There seem to be only two reasons why people have difficulty with or dislike
maths:
1. They missed a bit and it was difficult from then on. This can be as
simple as having a week off in primary school
2. They were conditioned by other people to dislike maths.
The solution is often easy - acquire what was missing from someone who
delights in maths.
Best wishes,
Terry
-----Original Message-----
From: PhD-Design - This list is for discussion of PhD studies and related
research in Design [mailto:[log in to unmask]] On Behalf Of Don
Norman
Sent: Monday, 14 January 2013 11:47 PM
To: Dr Terence Love
Subject: Math and Engineering for Designers
Changing the subject line to represent the contents of this discussion
On Sun, Jan 13, 2013 at 8:32 PM, Francois Nsenga <[log in to unmask]> wrote:
> Perhaps students in Design need a specially related Maths course.
> Perhaps there is a better way to teach Maths to those 'not born
mathematicians'.
>
Thank you Francois.
The worst way to learn math is from a maths professor. Same too for almost
any subject: don't learn it from a professor in the field unless that is
your major.
The best way for designers to learn math, engineering, statistics,
psychology is for the design department to have faculty who are
knowledgable in those topics and to have those faculty teach. This is how
it is often done in many departments - the department has people who
understand the department and what its students need. They then teach that..
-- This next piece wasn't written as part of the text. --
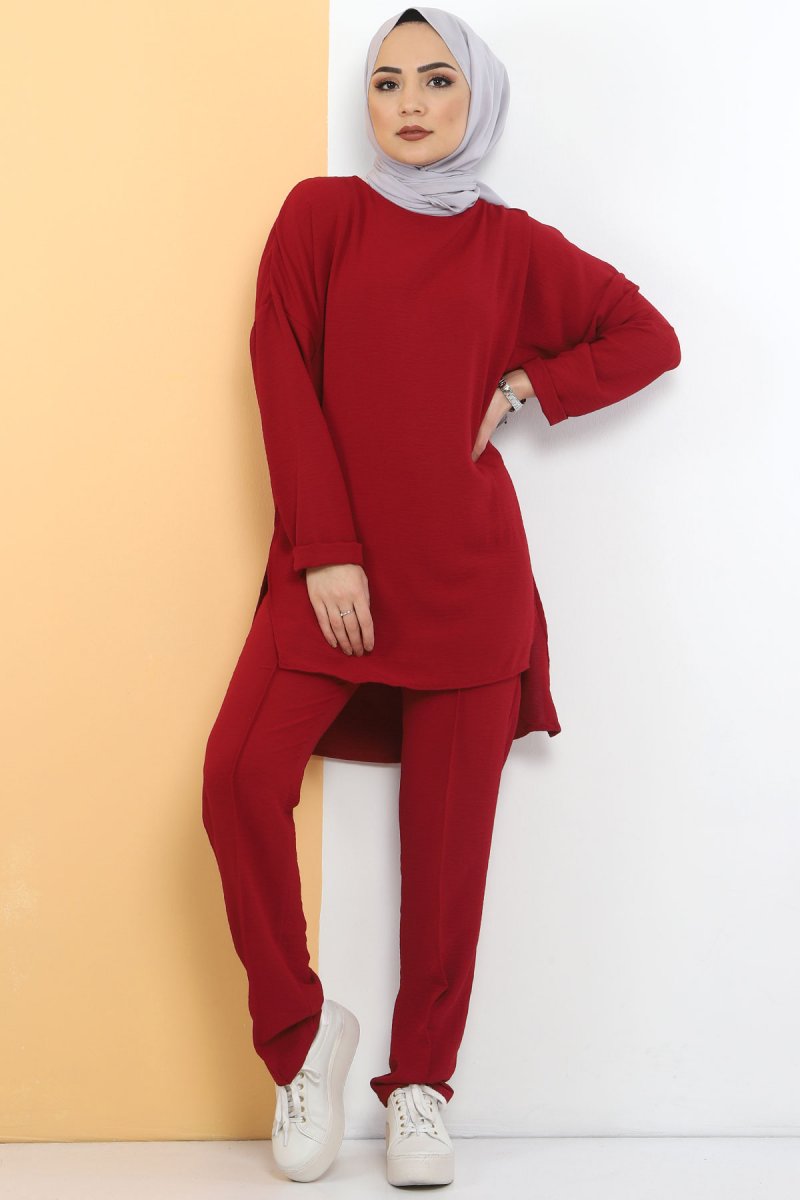 Tesettür Dünyası Bordo Yırtmaçlı Ayrobin İkili Takım

Statistics is often taught in the discipline. Psychologists, sociologists,
engineers have their own faculty teach it to students. Engineers often have
their own courses in computer programming, not taught by computer
scientists. (Mind you, the disciplines object, callng senate faculty
meetings and all that. Tough. )
Designers have Arduino, thank goodness.
There are many people on design faculty with training in computer science,
psychology, .... They know what designers need. They are the ones to
figure out the best way to teach.
--
Most professors don't know how to teach. Worse, the emphasis should not be
on teaching, it should be on learning. Professors in a discipline want to be
thorough and rigorous. That's fine for major, but not for non-majors.
I bet many of you have successful case stories you could tell. Tell them.
After we hear them, I bet we could generalize to a universal solution.
Don
Don Norman
Nielsen Norman Group, IDEO Fellow
[log in to unmask] www.jnd.org http://www.core77.com/blog/columns/
Latest book: "Living with Complexity <http://www.jnd.org/books.html#608>"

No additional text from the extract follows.